About one hour later I arrived to the coffee shop, yes, a clean shave, a suit and a tie. There I met with my -would be boss- a relaxed person from overseas who runs by himself a branch of the company here in Mexico and the first person to ever just speak the truth, the oh so common pretension of formality (borderline sacred), was for the first time I’ve ever seen, broken. The person before me not only was treating me as an equal but also telling me a story about success and honesty, which truthfully are two words I never thought to see in the same sentence when it comes to the business world. Listening to him was like a walk through the forest, fresh ideas blowing on my face as he completed the scenery of the company and the work he expected me to do. For a moment I found it hard to believe but I was so excited that I doubt it lasted more than a second.
For instance he pushed aside the idea of hiring someone that already has x years of experience, instead he said that they’re used to learn what is needed, pretty much like Google does, he said that specializing is a high cost to a ever changing market and that they needed people that can learn on the go, I couldn’t help but laugh and remark how unbelievable people from Human Resources would find this idea. He looked at me with a surprised gaze and then told me about how when he was hired the only person that voted against him was from HR, because he moved his hands a lot and this was a bad signal.

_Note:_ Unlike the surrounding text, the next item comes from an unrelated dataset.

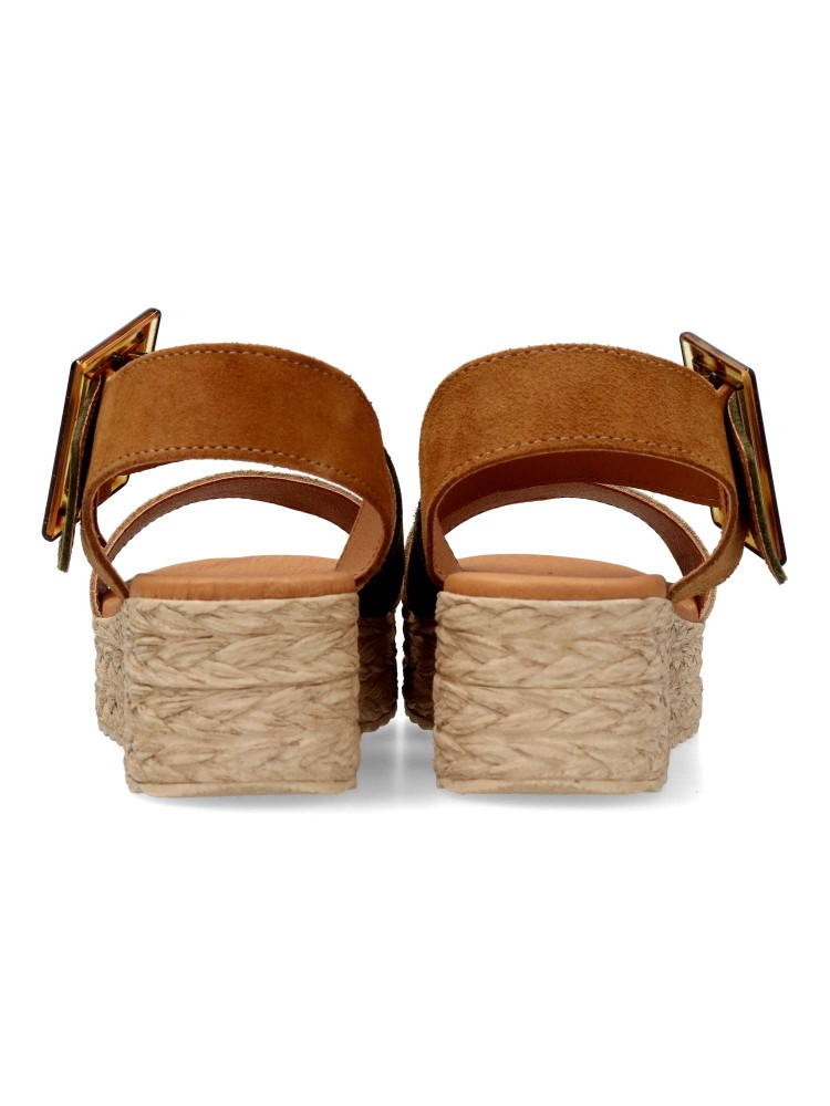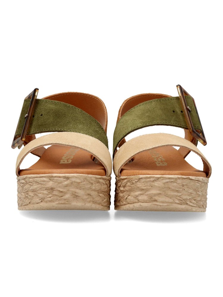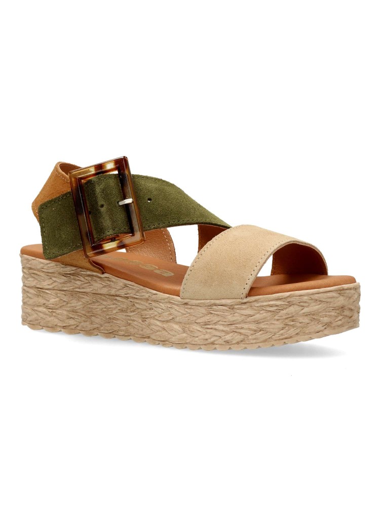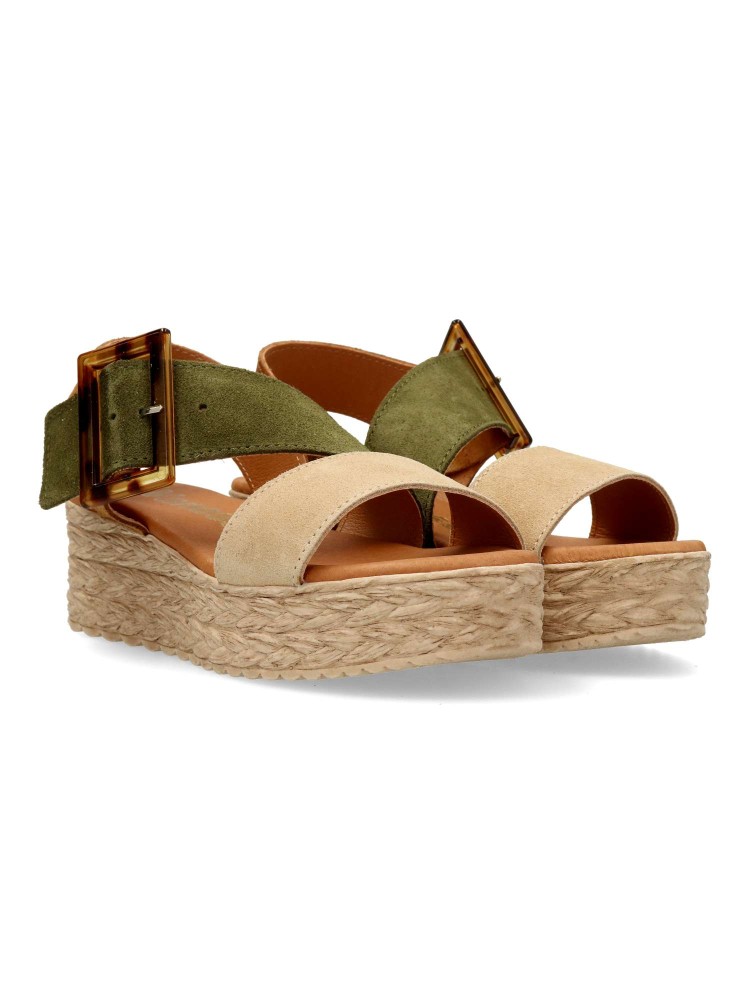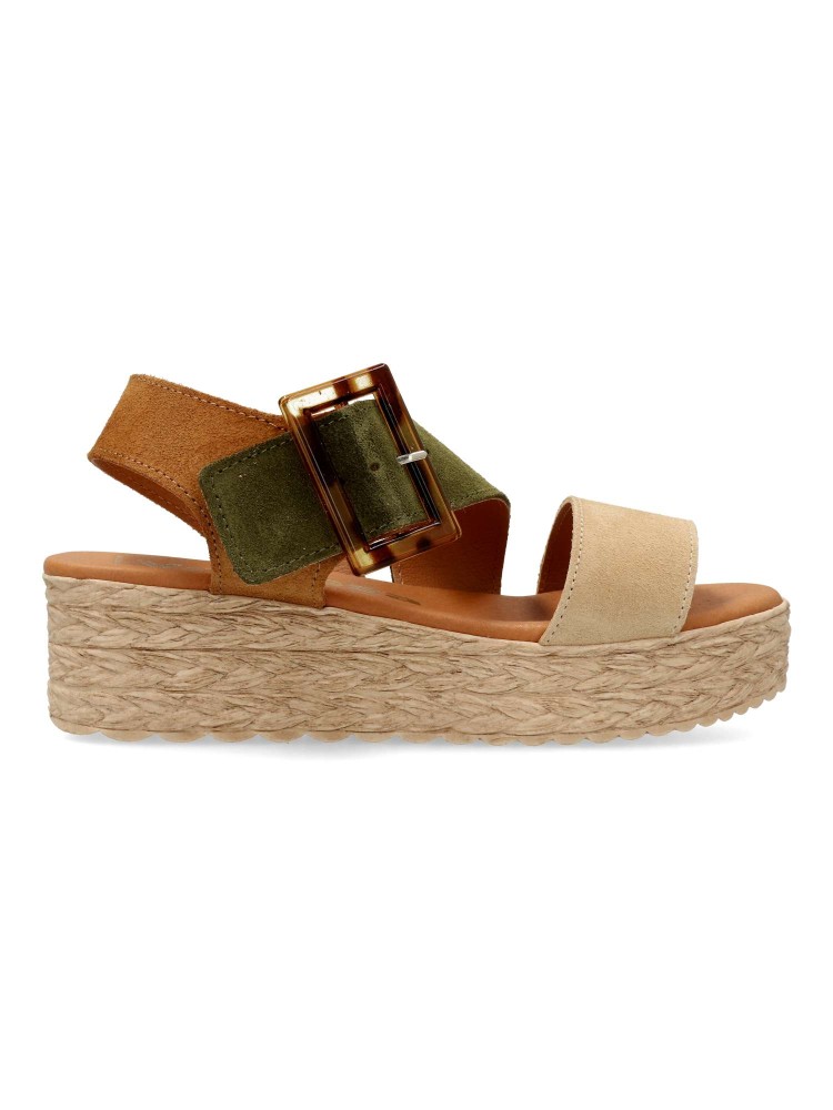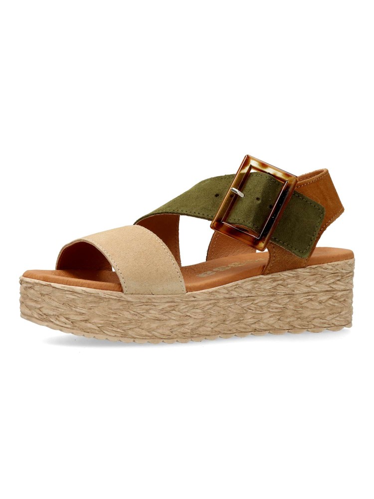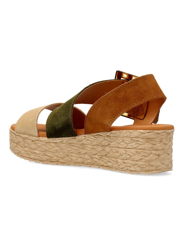 Sandalia de mujer con cierre de hebilla. Modelo cómodo fabricado en piel serraje con suela de goma. Planta de piel con acolchado gel, confort total. Transpirables 100%. Color cuero-kaki-beige. Plataforma efecto yute de 4,5 cm. Hecho a mano en España.

At that point I thought I had it, I mean it usually goes that way when you manage to joke in the same direction. However he was still uncertain about honesty. So I asked myself -what is wrong here, we agree in everything-, I took a moment to ponder things and then I realized it was I who didn’t make sense. My resume had a lot of references to skills sought in the market, my appearance stated that I knew very well the formal process of a job and my previous jobs described the career of someone seeking for the “stability” of a big company, but none of that said a word about myself, about who I really am or how I think.
I recall that from day one I thought that if you want to be successful in a game that already has the rules established then you need to know the rules, that’s how I first started wearing suits and ties and when it came to resumes I helped more than 10 friends to get their jobs by pimping their resumes. So now I come back to the phrase “we are what we do” and I look at myself and I notice why I don’t have the job I dream for, why I feel so misfit and as usual I realize that I did this on my own, and as harsh as it can be to realize our own mistakes, it comes with the hope of knowing what to change. I write this with hopes to someday look back at it from the chair of my dream job.